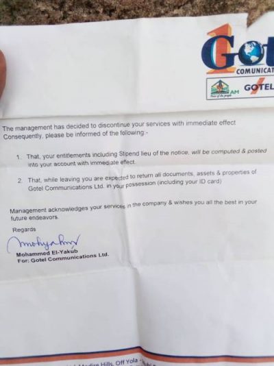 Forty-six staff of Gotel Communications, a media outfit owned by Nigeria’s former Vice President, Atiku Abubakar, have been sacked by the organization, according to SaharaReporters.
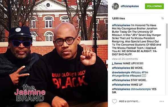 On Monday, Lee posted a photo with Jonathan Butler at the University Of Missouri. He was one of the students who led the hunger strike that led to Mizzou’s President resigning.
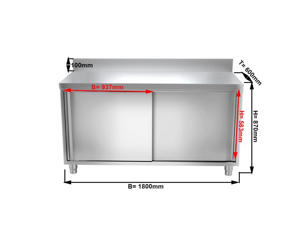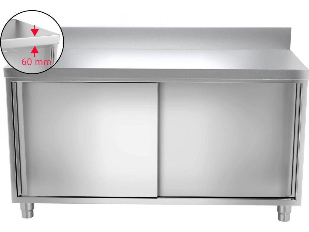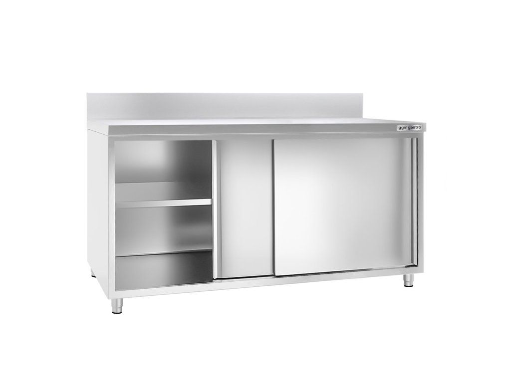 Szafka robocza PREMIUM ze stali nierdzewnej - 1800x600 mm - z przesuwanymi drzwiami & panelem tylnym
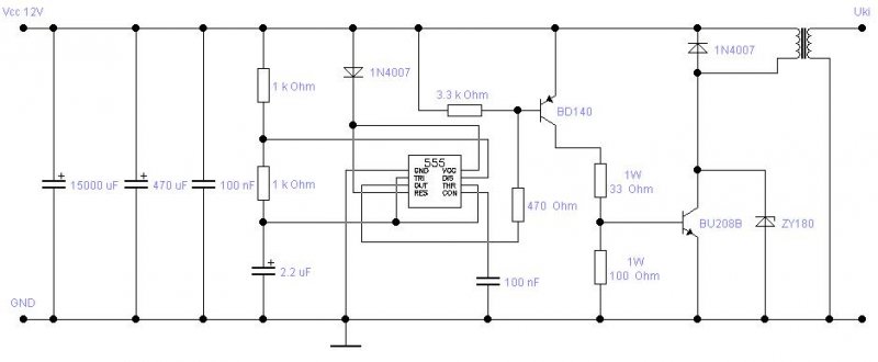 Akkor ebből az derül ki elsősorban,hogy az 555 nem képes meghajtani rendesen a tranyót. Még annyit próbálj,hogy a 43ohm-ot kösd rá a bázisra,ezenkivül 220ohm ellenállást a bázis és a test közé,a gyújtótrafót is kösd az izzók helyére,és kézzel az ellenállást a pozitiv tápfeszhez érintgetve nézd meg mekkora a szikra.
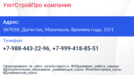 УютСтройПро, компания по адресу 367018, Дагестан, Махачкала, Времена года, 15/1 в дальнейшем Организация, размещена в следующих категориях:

+ + + +

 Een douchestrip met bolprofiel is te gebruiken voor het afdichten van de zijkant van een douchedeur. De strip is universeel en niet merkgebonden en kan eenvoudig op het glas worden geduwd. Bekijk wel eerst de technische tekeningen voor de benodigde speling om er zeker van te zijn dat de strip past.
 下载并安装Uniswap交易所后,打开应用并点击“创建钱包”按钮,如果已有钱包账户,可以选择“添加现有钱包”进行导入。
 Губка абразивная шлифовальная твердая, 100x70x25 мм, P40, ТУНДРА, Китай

+ + + +

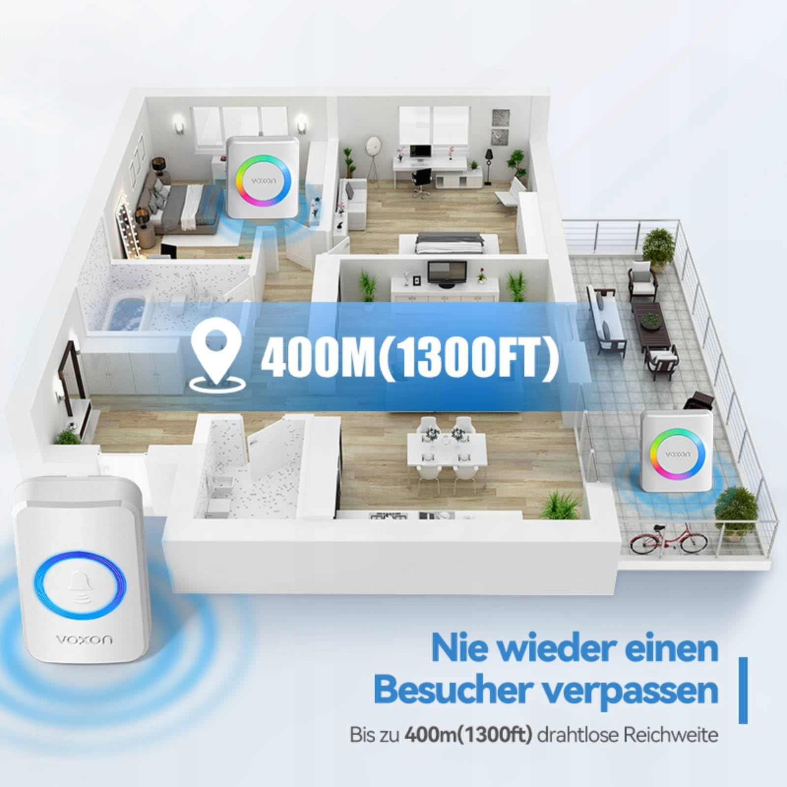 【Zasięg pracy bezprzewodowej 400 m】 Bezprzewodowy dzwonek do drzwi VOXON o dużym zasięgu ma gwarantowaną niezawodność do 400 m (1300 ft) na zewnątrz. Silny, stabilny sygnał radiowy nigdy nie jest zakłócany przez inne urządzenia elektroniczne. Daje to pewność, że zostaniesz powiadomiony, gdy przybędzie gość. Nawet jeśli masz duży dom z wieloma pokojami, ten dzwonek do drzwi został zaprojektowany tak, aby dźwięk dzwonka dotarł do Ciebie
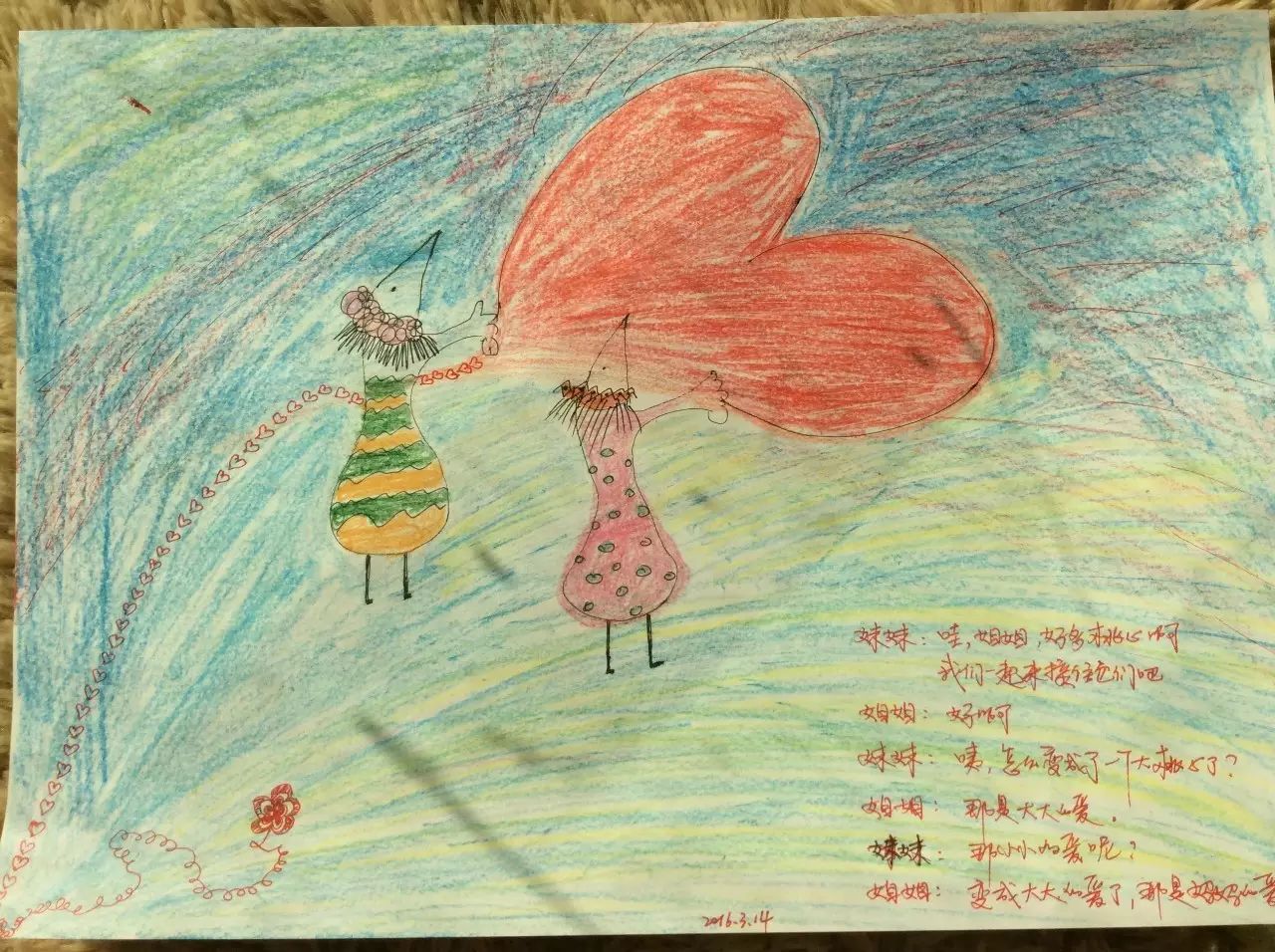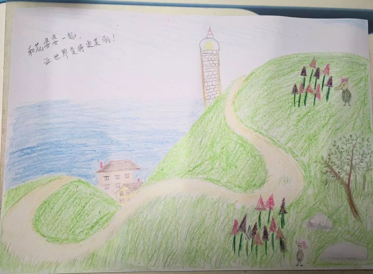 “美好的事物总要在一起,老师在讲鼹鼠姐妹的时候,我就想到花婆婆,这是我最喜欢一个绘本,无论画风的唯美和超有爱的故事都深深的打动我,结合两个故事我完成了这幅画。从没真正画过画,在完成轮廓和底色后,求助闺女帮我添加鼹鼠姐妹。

+ + + +

## WORK TO BE COMPLETED:
What are the lines above from the one with "On Monday, Lee" to the one with "Szafka robocza PREMIUM", both included? Reproduce them exactly, without pictures.

## OUTPUT OF THE TASK:
 On Monday, Lee posted a photo with Jonathan Butler at the University Of Missouri. He was one of the students who led the hunger strike that led to Mizzou’s President resigning.
 Szafka robocza PREMIUM ze stali nierdzewnej - 1800x600 mm - z przesuwanymi drzwiami & panelem tylnym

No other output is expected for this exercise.